### PROBLEM DETAILS
Using the data below, output a verbatim copy of the lines between the one holding "더우인에서 푸틴의 이름만" and the one holding "作为最早同新中国建交的国家之", inclusive, without any pictures.

### WORKING DATA
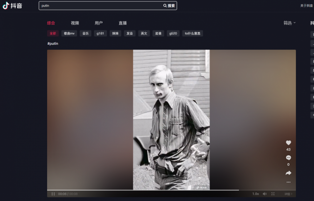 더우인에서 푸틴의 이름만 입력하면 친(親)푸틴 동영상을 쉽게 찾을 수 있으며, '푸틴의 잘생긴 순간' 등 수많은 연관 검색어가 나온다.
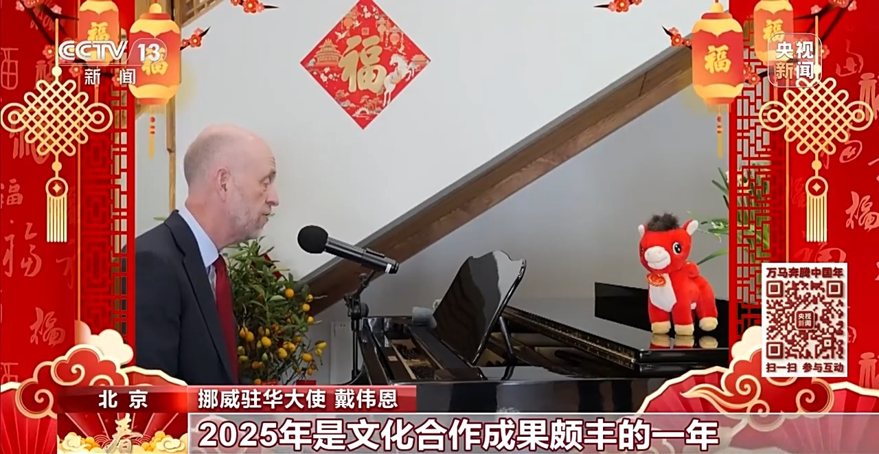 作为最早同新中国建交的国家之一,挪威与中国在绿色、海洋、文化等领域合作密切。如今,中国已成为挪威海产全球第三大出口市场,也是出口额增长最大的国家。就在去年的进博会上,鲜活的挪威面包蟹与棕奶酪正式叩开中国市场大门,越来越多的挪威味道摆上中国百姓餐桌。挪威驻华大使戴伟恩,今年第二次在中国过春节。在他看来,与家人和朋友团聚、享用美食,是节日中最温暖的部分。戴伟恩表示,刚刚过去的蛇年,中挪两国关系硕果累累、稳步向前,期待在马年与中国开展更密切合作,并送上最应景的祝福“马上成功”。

* * *

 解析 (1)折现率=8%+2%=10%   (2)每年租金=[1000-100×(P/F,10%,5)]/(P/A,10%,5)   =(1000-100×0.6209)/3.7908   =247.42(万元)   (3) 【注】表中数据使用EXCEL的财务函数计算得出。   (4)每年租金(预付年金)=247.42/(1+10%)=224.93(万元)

### ANSWER
 더우인에서 푸틴의 이름만 입력하면 친(親)푸틴 동영상을 쉽게 찾을 수 있으며, '푸틴의 잘생긴 순간' 등 수많은 연관 검색어가 나온다.
 作为最早同新中国建交的国家之一,挪威与中国在绿色、海洋、文化等领域合作密切。如今,中国已成为挪威海产全球第三大出口市场,也是出口额增长最大的国家。就在去年的进博会上,鲜活的挪威面包蟹与棕奶酪正式叩开中国市场大门,越来越多的挪威味道摆上中国百姓餐桌。挪威驻华大使戴伟恩,今年第二次在中国过春节。在他看来,与家人和朋友团聚、享用美食,是节日中最温暖的部分。戴伟恩表示,刚刚过去的蛇年,中挪两国关系硕果累累、稳步向前,期待在马年与中国开展更密切合作,并送上最应景的祝福“马上成功”。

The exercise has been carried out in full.